# [WHAT YOU WILL DO]
Take from the listing each line that has the string "open".

# [PROVIDED DATA]

* * *

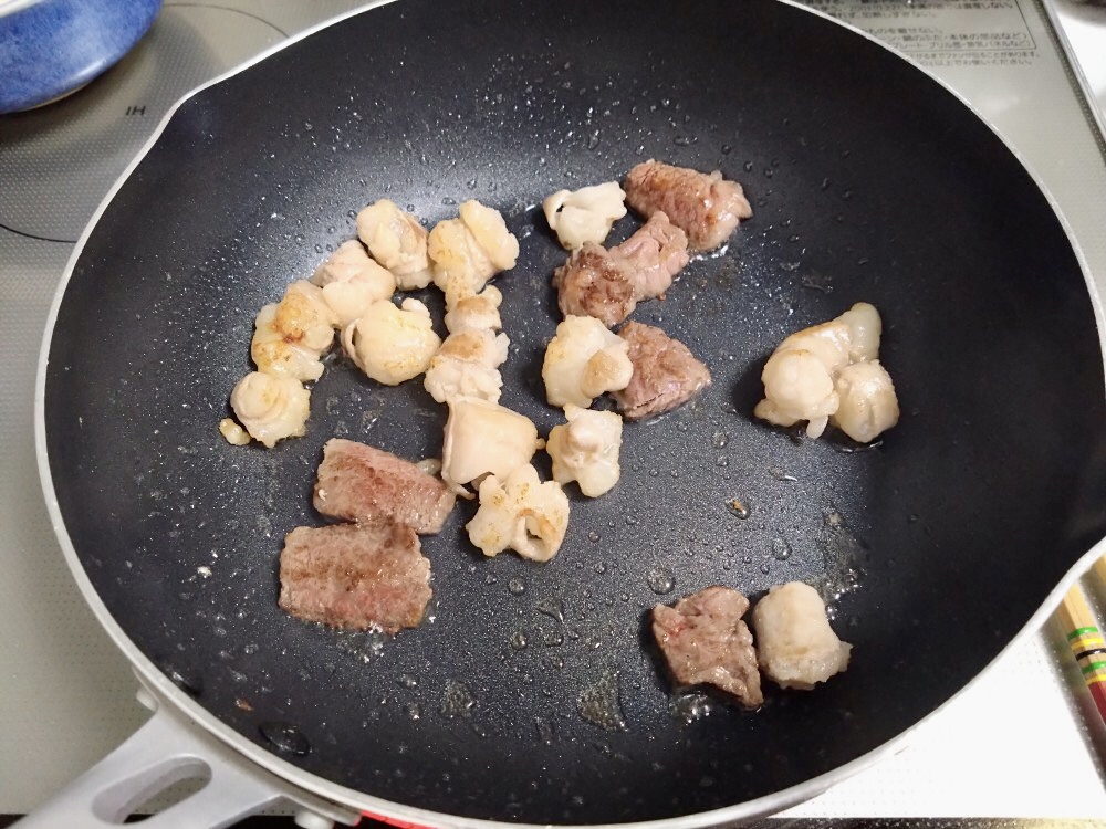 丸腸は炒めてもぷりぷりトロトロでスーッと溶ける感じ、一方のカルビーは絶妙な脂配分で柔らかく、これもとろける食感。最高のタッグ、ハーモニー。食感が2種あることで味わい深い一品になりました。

* * *

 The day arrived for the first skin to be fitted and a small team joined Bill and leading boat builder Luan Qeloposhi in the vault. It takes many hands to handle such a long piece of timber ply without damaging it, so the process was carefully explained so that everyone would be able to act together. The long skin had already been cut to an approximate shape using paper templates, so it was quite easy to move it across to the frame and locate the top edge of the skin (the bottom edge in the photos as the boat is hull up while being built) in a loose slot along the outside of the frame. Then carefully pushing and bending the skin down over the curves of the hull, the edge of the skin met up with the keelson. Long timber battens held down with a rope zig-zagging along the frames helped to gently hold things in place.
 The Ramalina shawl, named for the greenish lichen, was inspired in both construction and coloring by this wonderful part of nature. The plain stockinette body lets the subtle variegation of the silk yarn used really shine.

* * *

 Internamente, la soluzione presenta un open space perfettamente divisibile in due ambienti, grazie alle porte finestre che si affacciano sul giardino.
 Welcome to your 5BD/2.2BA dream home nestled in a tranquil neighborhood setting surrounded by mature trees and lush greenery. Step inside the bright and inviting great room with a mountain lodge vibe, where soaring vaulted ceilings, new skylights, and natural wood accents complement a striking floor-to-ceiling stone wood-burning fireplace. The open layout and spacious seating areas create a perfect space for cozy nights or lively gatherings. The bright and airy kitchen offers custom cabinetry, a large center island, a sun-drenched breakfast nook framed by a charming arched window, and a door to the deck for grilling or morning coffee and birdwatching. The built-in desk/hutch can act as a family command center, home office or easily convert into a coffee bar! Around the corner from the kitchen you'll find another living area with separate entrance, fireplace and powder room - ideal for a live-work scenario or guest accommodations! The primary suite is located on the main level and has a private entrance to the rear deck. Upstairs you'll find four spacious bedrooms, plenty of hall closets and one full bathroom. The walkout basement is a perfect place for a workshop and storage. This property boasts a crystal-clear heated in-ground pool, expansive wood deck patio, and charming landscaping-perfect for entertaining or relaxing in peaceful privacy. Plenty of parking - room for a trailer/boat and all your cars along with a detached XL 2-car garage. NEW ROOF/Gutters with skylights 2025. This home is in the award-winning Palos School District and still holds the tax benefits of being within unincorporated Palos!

* * *

# [TASK RESPONSE]
 Internamente, la soluzione presenta un open space perfettamente divisibile in due ambienti, grazie alle porte finestre che si affacciano sul giardino.
 Welcome to your 5BD/2.2BA dream home nestled in a tranquil neighborhood setting surrounded by mature trees and lush greenery. Step inside the bright and inviting great room with a mountain lodge vibe, where soaring vaulted ceilings, new skylights, and natural wood accents complement a striking floor-to-ceiling stone wood-burning fireplace. The open layout and spacious seating areas create a perfect space for cozy nights or lively gatherings. The bright and airy kitchen offers custom cabinetry, a large center island, a sun-drenched breakfast nook framed by a charming arched window, and a door to the deck for grilling or morning coffee and birdwatching. The built-in desk/hutch can act as a family command center, home office or easily convert into a coffee bar! Around the corner from the kitchen you'll find another living area with separate entrance, fireplace and powder room - ideal for a live-work scenario or guest accommodations! The primary suite is located on the main level and has a private entrance to the rear deck. Upstairs you'll find four spacious bedrooms, plenty of hall closets and one full bathroom. The walkout basement is a perfect place for a workshop and storage. This property boasts a crystal-clear heated in-ground pool, expansive wood deck patio, and charming landscaping-perfect for entertaining or relaxing in peaceful privacy. Plenty of parking - room for a trailer/boat and all your cars along with a detached XL 2-car garage. NEW ROOF/Gutters with skylights 2025. This home is in the award-winning Palos School District and still holds the tax benefits of being within unincorporated Palos!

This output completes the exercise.